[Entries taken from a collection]
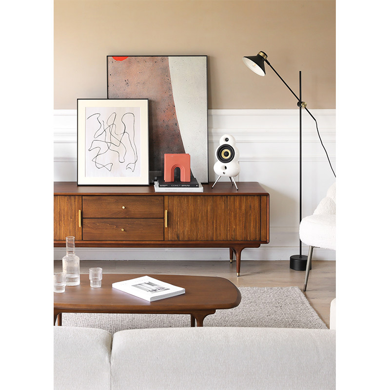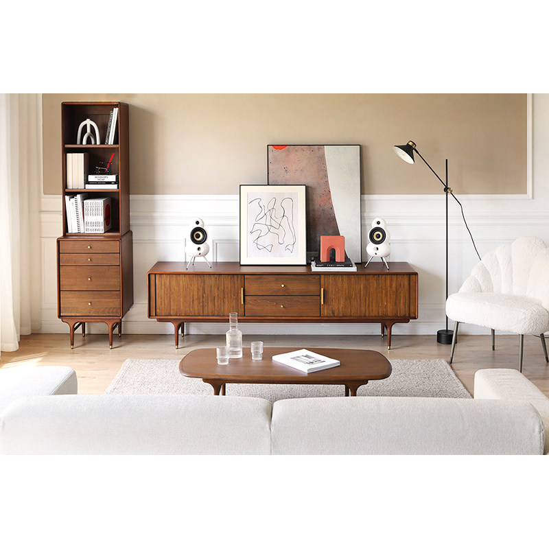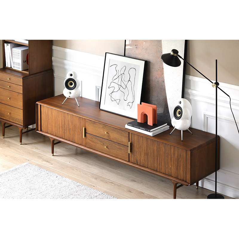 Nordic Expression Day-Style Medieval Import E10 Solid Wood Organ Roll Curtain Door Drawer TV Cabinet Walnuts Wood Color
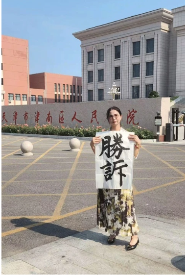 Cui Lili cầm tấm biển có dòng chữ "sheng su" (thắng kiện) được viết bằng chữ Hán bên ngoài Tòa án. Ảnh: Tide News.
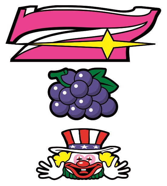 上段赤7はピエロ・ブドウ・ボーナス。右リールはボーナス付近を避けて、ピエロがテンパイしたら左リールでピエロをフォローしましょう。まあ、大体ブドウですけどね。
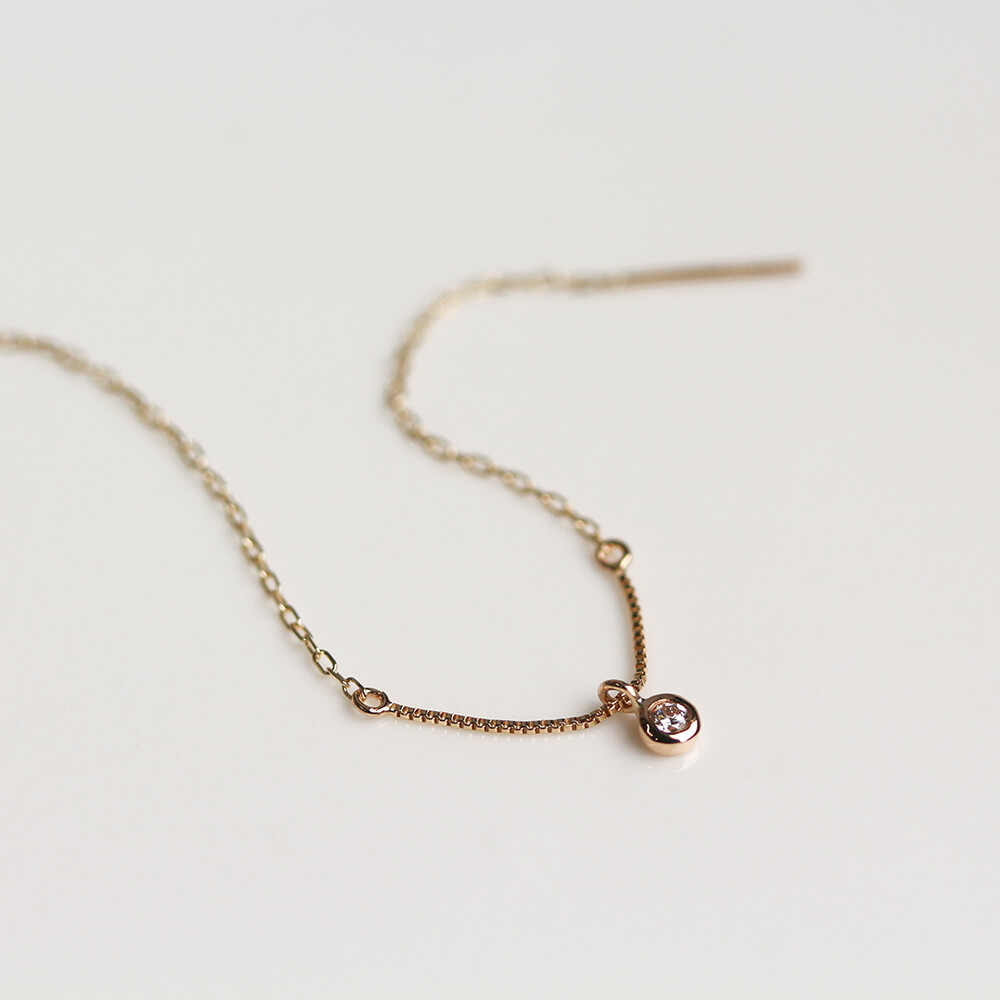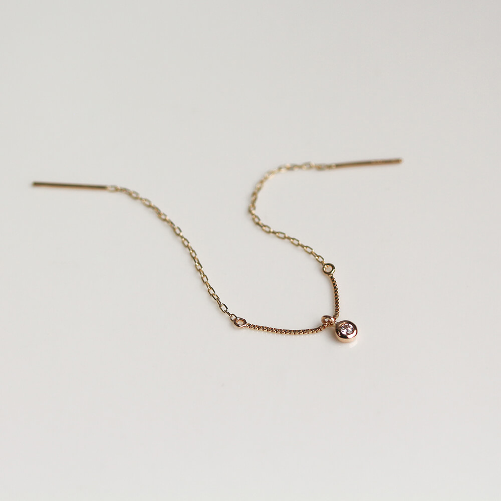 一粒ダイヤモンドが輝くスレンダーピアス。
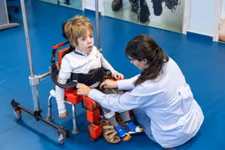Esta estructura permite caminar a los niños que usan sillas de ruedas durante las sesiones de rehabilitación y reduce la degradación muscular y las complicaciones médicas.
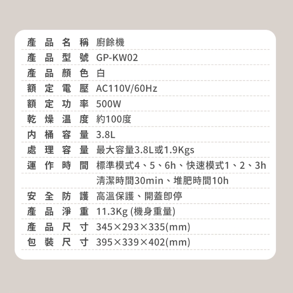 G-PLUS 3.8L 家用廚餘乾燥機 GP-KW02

# [Task directions]
Skip the pictures and quote each line of the entries above, from the first through the line with "一粒ダイヤモンドが輝くスレンダーピアス。", exactly as it appears.

# [Completed exercise]
 Nordic Expression Day-Style Medieval Import E10 Solid Wood Organ Roll Curtain Door Drawer TV Cabinet Walnuts Wood Color
 Cui Lili cầm tấm biển có dòng chữ "sheng su" (thắng kiện) được viết bằng chữ Hán bên ngoài Tòa án. Ảnh: Tide News.
 上段赤7はピエロ・ブドウ・ボーナス。右リールはボーナス付近を避けて、ピエロがテンパイしたら左リールでピエロをフォローしましょう。まあ、大体ブドウですけどね。
 一粒ダイヤモンドが輝くスレンダーピアス。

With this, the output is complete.